Researchers at the Harbin Institute of Technology in China and the University of Michigan in the US demonstrated improved LFP battery cathode, augmented by reduced graphene oxide. The scientists used reduced graphene oxide (rGO) in LFP battery cathodes to create a new high surface area 3D composite.
LFP (or LiFePO4) is a kind of Li-Ion rechargeable battery for high power applications, such as electric vehicls, Power Tools and more. LFP cells feature high discharging current, non explosive nature and long cycle life, but its energy density is lower than normal Li-Ion cell. In this study, the researchers created the composite using a nickel foam template that was coated with layers of graphene oxide. The graphene oxide reduced as the LFP nanoparticles were synthesized in a simple technique that allows larger amounts of the LFP to be loaded into the carbon material.

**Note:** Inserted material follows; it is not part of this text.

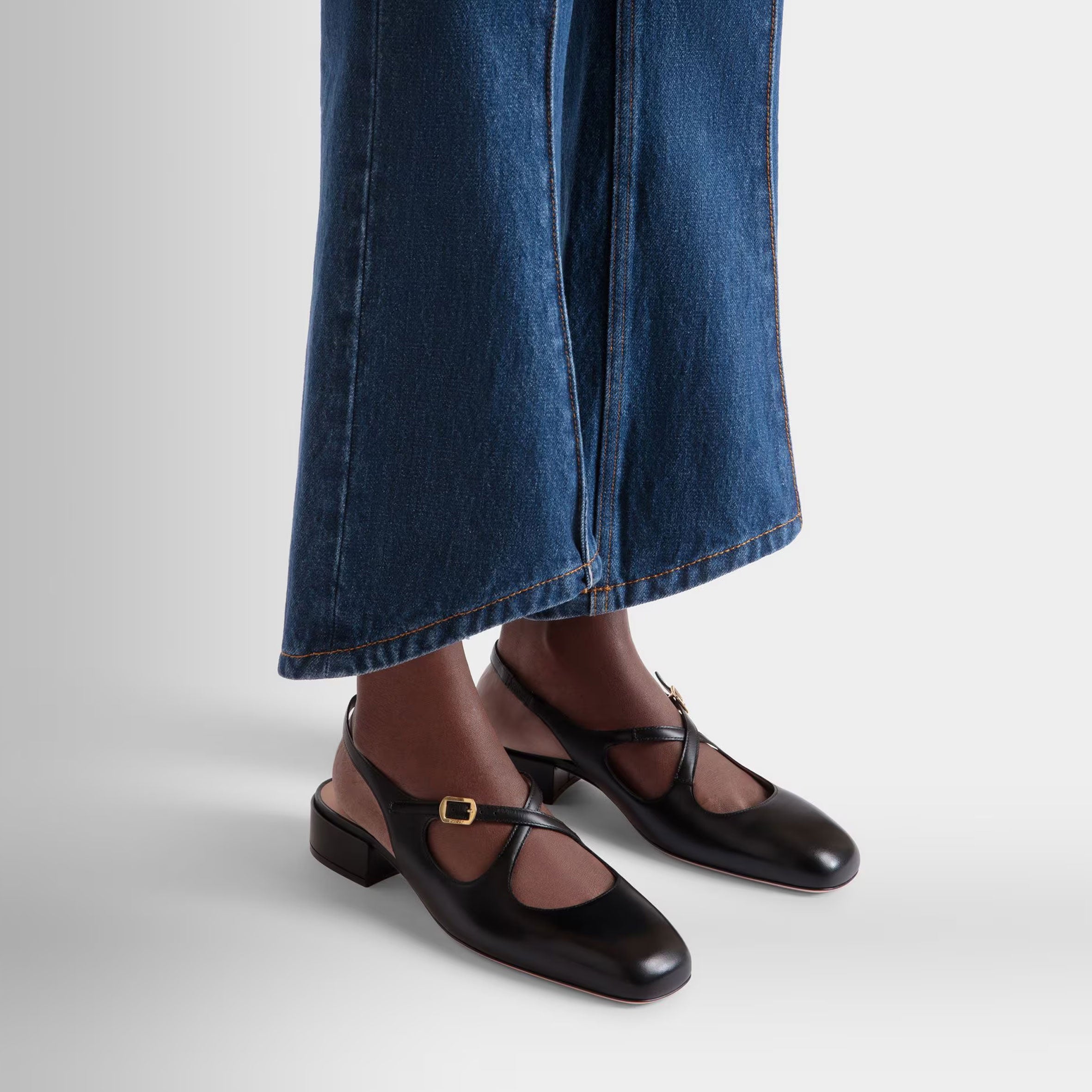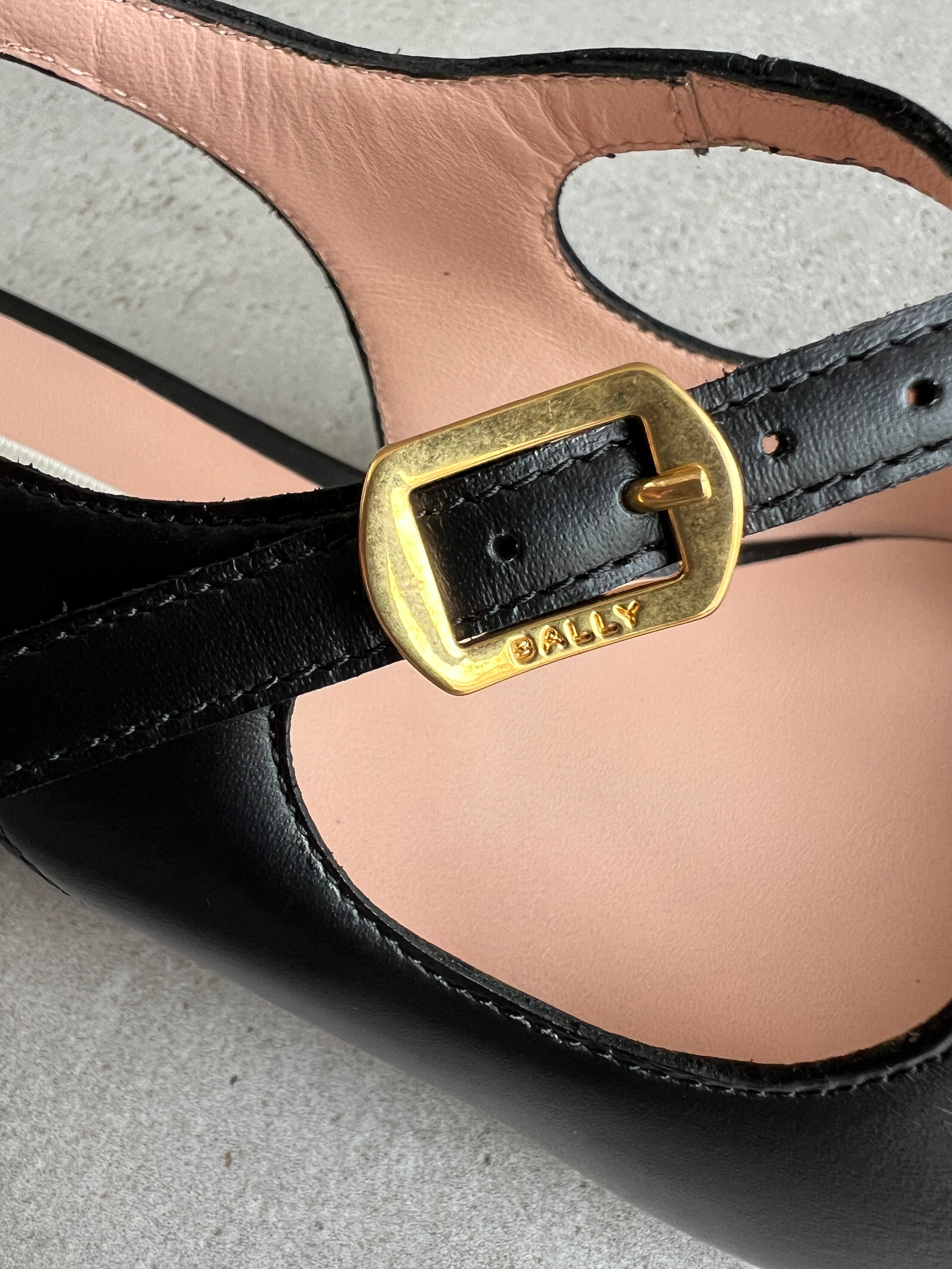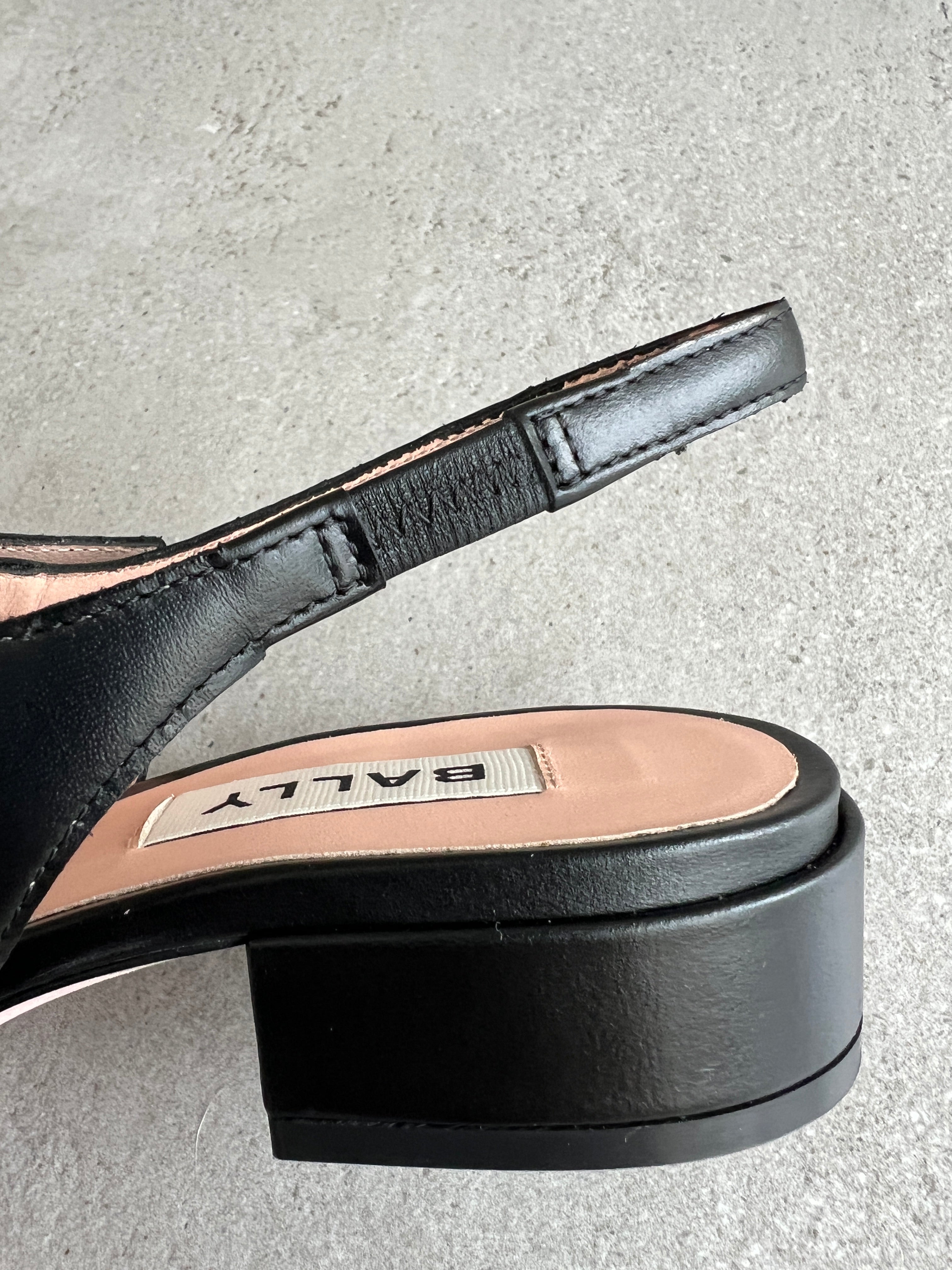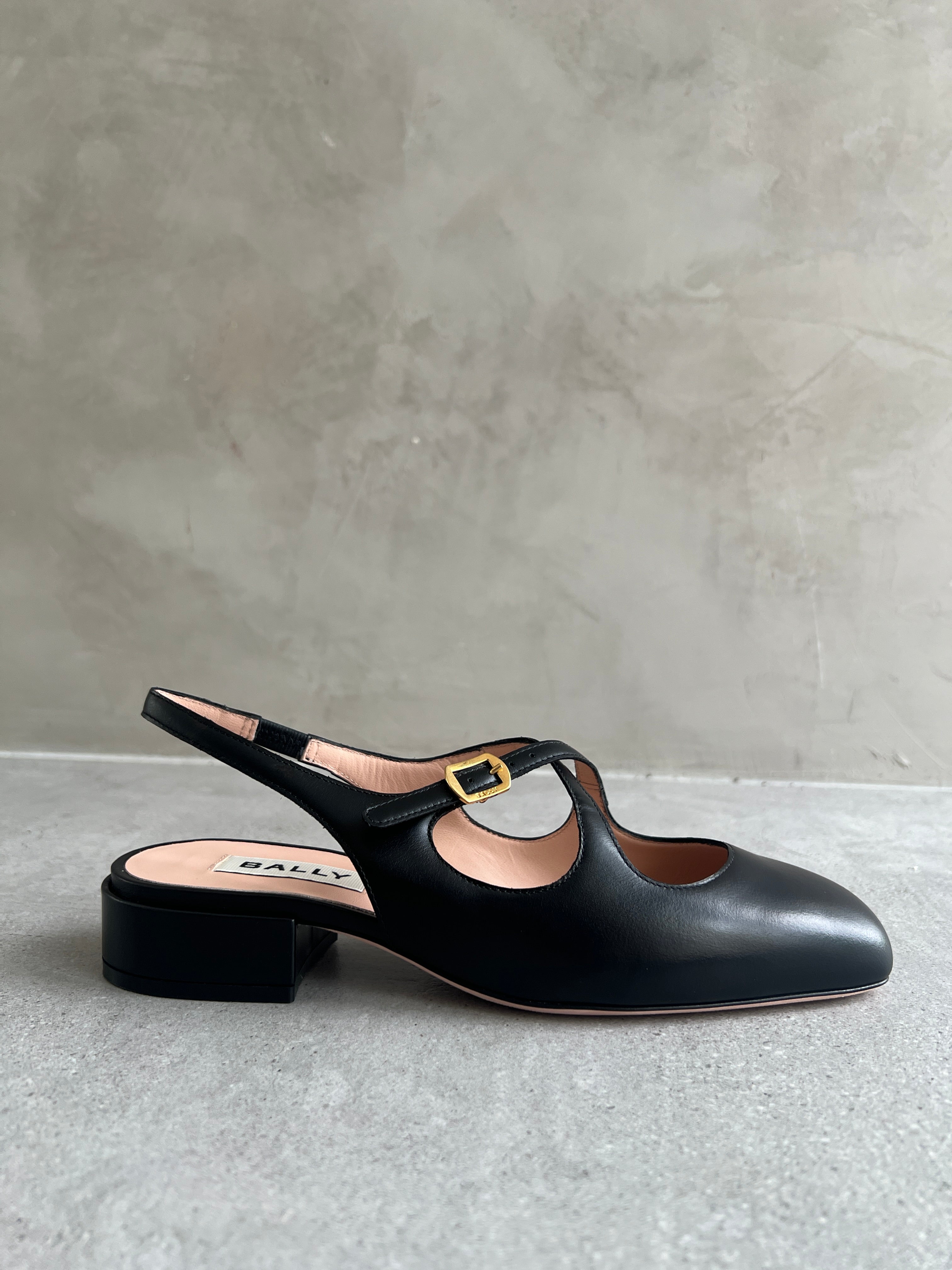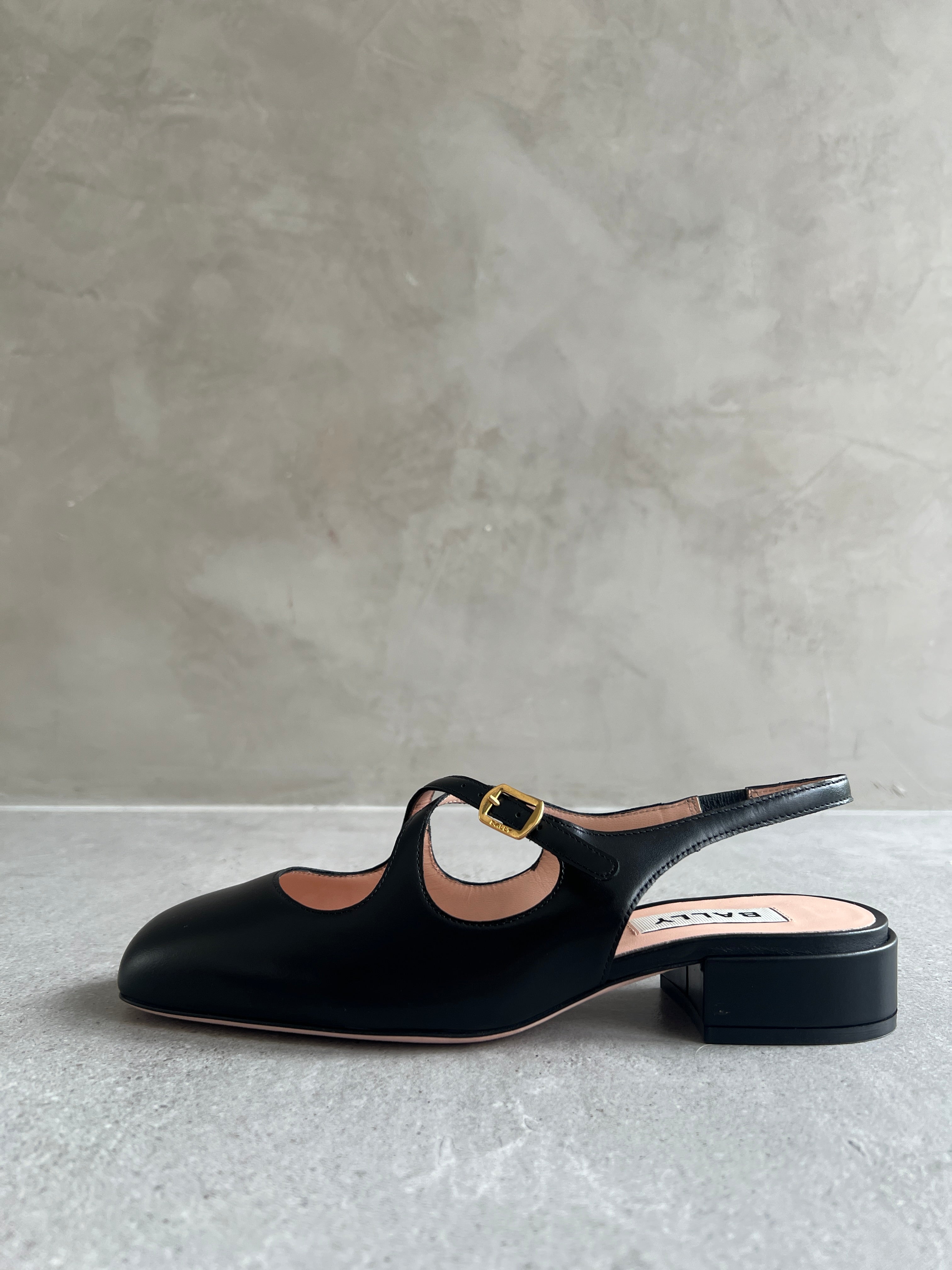 Inspired by an archival design, the Bally Ballyrina slingback pump reimagines classic ballet elegance with a modern twist. Crafted in smooth black leather, this sophisticated style blends the delicate lines of a strappy ballet shoe with the structure of a 40mm stacked heel. A discreet elastic section on the inner side ensures easy pull-on wear, enhancing comfort and convenience. The gold-tone metal buckle, engraved with the iconic Bally logo, adds a refined finishing touch. Reminiscent of pointe shoes, the cross-strap ribbon detailing brings graceful femininity to every step.

The layer-by-layer assembly technique also allowed the team to design a material according to its final function. In this case, the composite has a high electrical conductivity and is tough. The results of the study show that it is possible to produce batteries that are mechanically robust and also have a high conductivity. The researchers say that this new material may find use in flexible electronics, especially flexible energy storage. They are also attempting to tailor batteries for smartphones and tablets that feature fast charging times and find ways of improving other parts of the battery as well, like electrolytes and current collectors. Batteries for electrical vehicles could also benefit from these results, but will come at a later stage, once the safety of the high charge-discharge rates of devices have been fully evaluated.